### Data
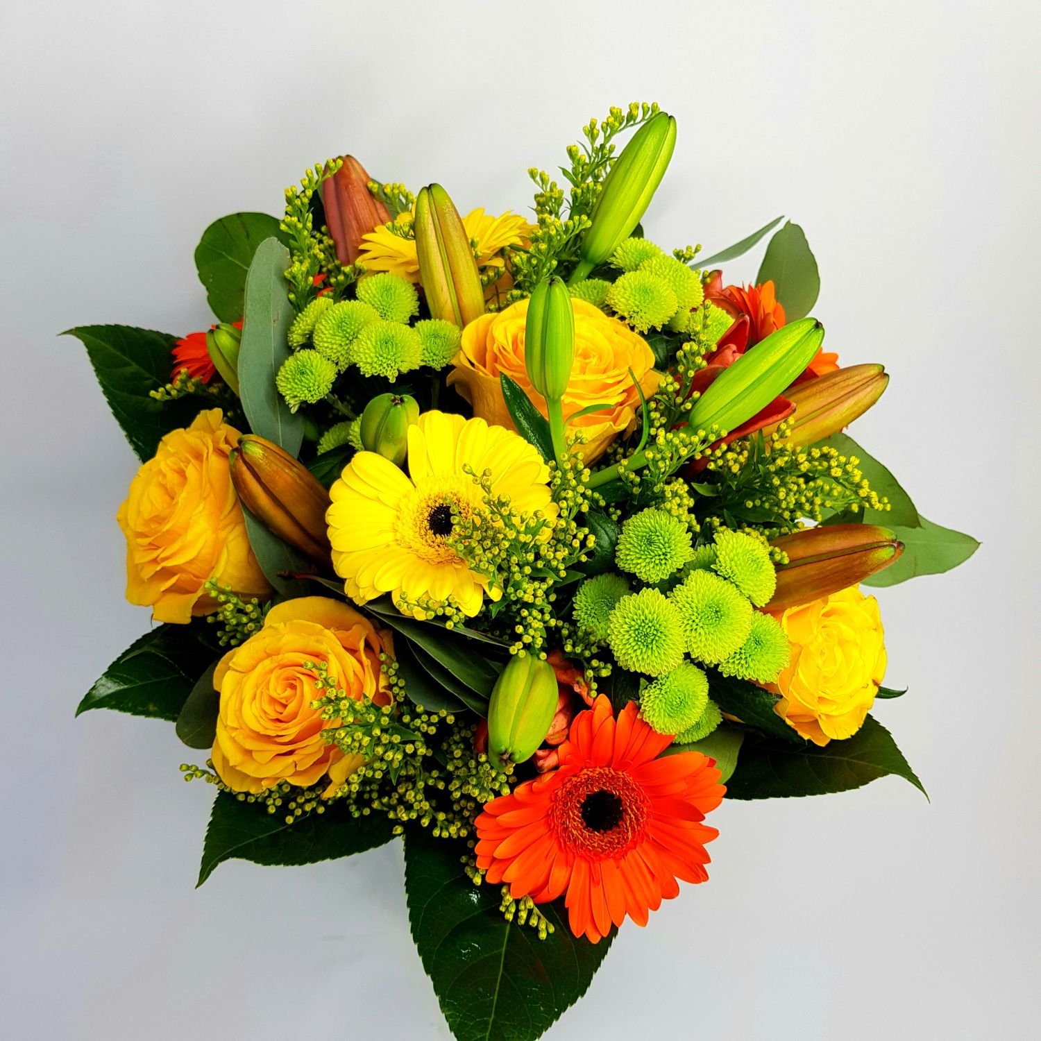Kytice Irma je tvořena ze žlutých růží, oranžových lilií, oranžových a žlutých gerber, zelených chrysanthém a solidagem. Květy jsou doplněné zelení.
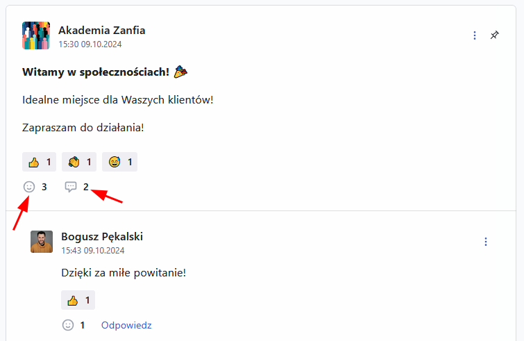 Pod postami znajdują się dodane komentarze oraz reakcje.
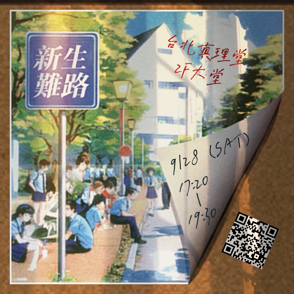 海報中描繪了一條通往學校的道路,路上有許多學生,象徵新生共同面對的挑戰與成長。路牌上寫著「新生難路」,反映新生在這段旅程中的艱辛與機會。整體設計增添了畫中畫的趣味感,使觀者更能身歷其境。
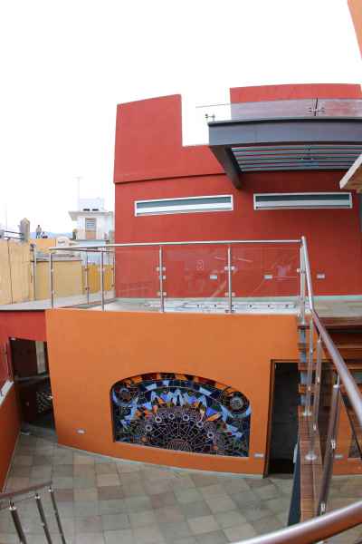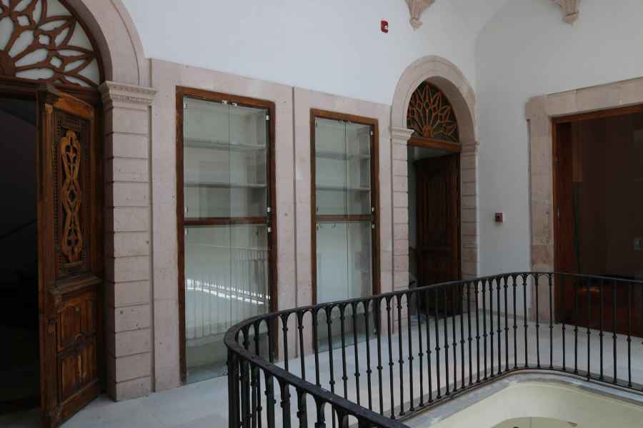 El primer cuerpo presenta el acceso al zaguán al centro y es de mayor dimensión que los vanos laterales que, en forma de pares, se distribuyen a cada lado del acceso. Los vanos están enmarcados por jambas y cerramiento de cantería rosa con traslapes en las esquinas, clara influencia del estilo barroco que para esta época se encontraba en declive.

### Exercise instructions
Please retype the lines from the one that contains "Pod postami znajdują" through the final line of the data, both included, without any pictures.

### Solution to the problem
 Pod postami znajdują się dodane komentarze oraz reakcje.
 海報中描繪了一條通往學校的道路,路上有許多學生,象徵新生共同面對的挑戰與成長。路牌上寫著「新生難路」,反映新生在這段旅程中的艱辛與機會。整體設計增添了畫中畫的趣味感,使觀者更能身歷其境。
 El primer cuerpo presenta el acceso al zaguán al centro y es de mayor dimensión que los vanos laterales que, en forma de pares, se distribuyen a cada lado del acceso. Los vanos están enmarcados por jambas y cerramiento de cantería rosa con traslapes en las esquinas, clara influencia del estilo barroco que para esta época se encontraba en declive.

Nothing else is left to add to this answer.